[Records to use — start]

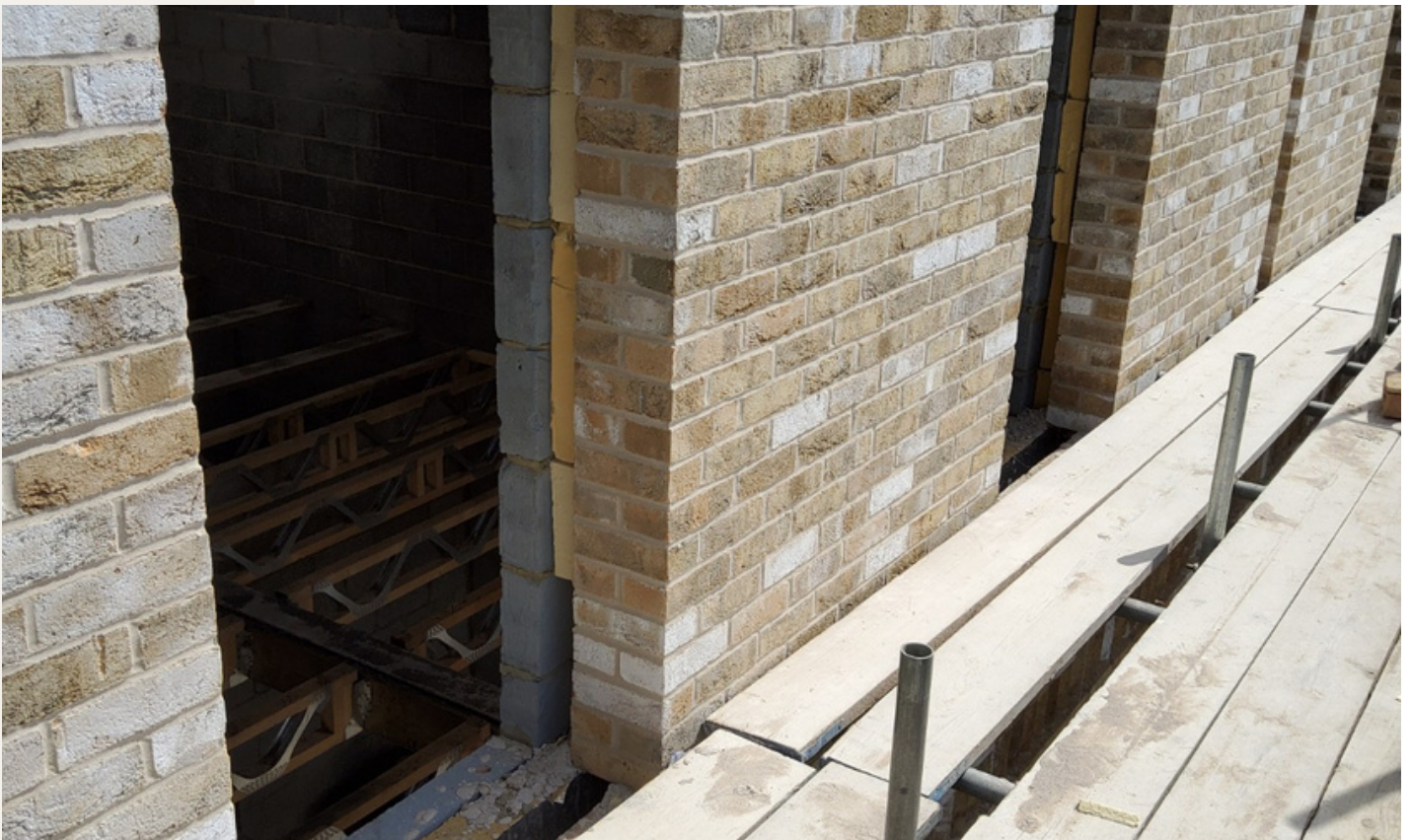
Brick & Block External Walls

[Records to use — finish]
[Records to use — start]

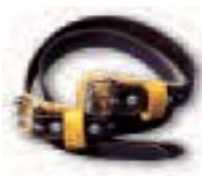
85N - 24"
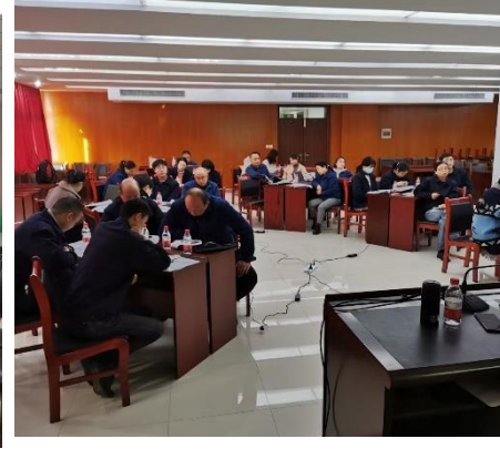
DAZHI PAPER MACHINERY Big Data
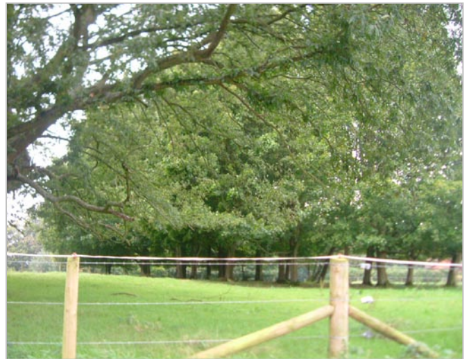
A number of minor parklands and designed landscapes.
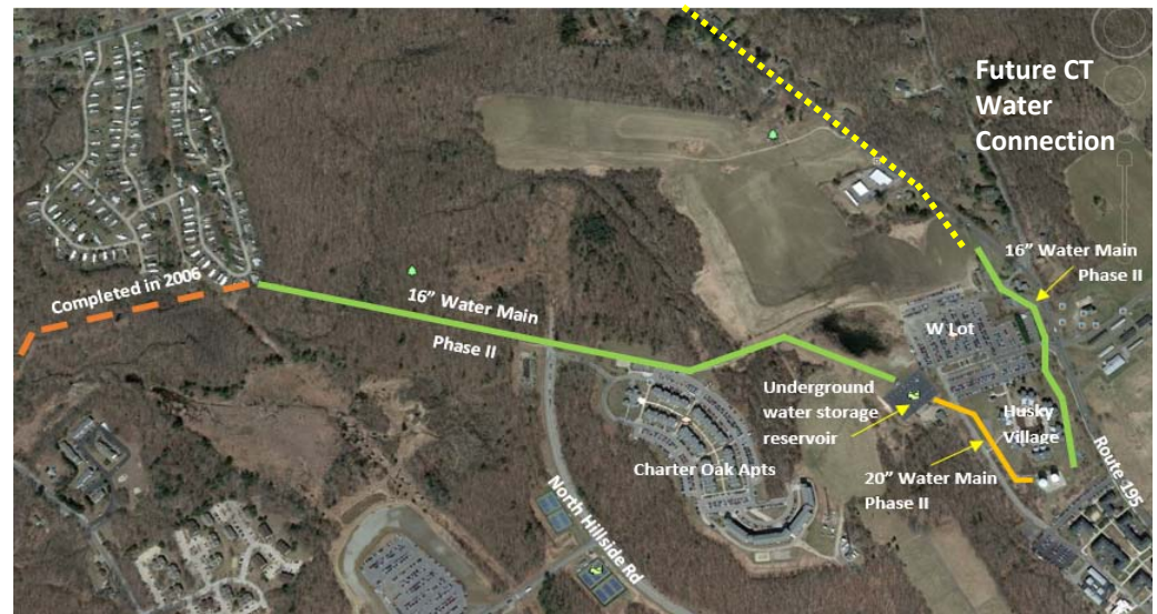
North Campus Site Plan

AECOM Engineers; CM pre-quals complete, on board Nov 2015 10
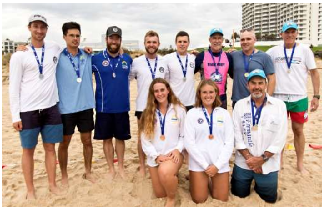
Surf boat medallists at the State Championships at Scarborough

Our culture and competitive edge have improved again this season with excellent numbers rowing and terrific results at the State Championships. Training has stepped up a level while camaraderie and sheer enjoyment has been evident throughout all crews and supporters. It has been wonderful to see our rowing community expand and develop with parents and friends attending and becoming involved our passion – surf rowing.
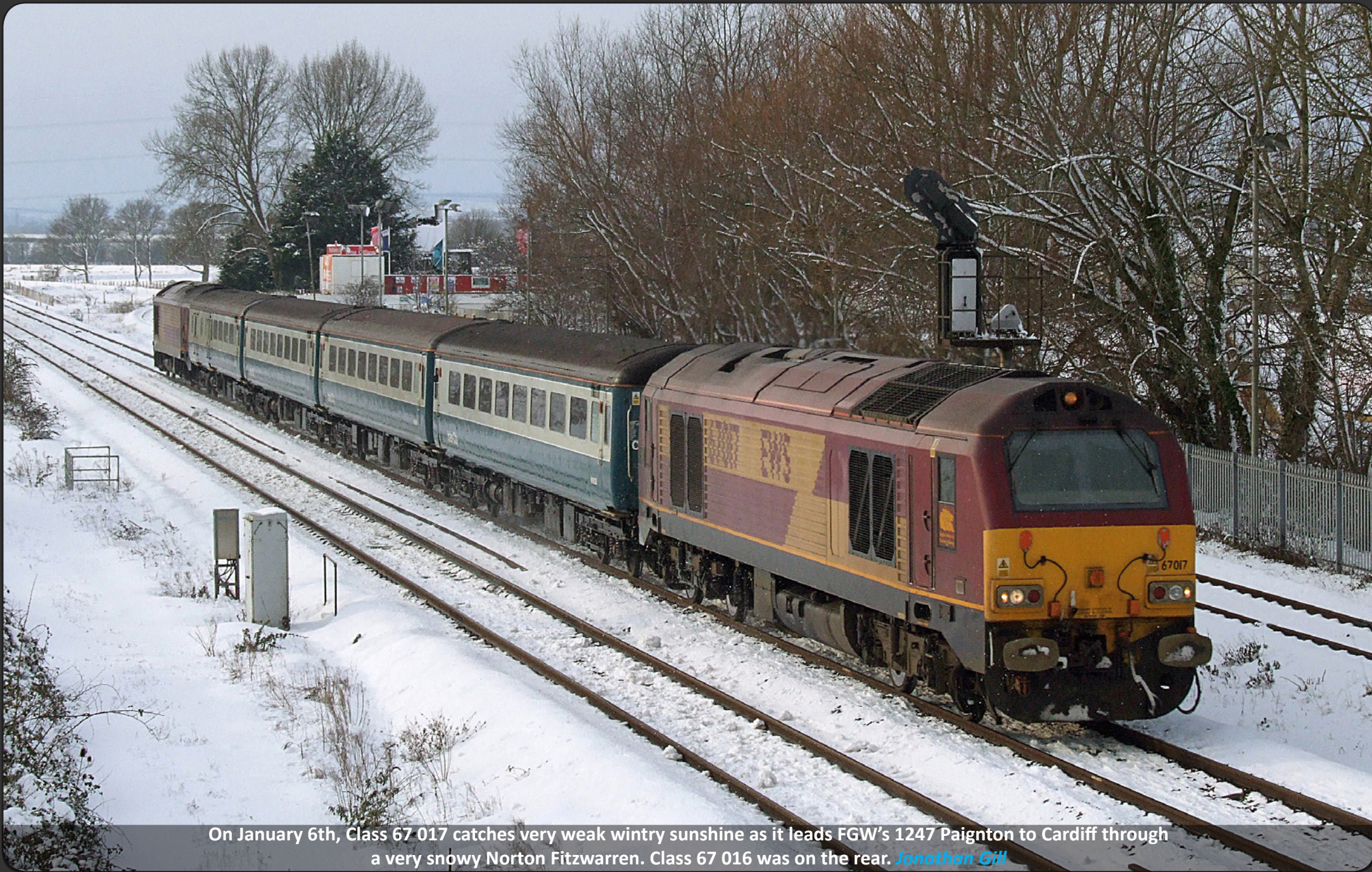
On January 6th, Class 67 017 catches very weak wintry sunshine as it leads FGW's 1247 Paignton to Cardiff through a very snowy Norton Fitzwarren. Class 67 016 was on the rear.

[Records to use — finish]

Requirement
Set the pictures aside and reproduce exactly the lines above, from the line holding "A number of" through the line holding "Surf boat medallists", both included, with nothing else.

Solution
A number of minor parklands and designed landscapes.
North Campus Site Plan

AECOM Engineers; CM pre-quals complete, on board Nov 2015 10
Surf boat medallists at the State Championships at Scarborough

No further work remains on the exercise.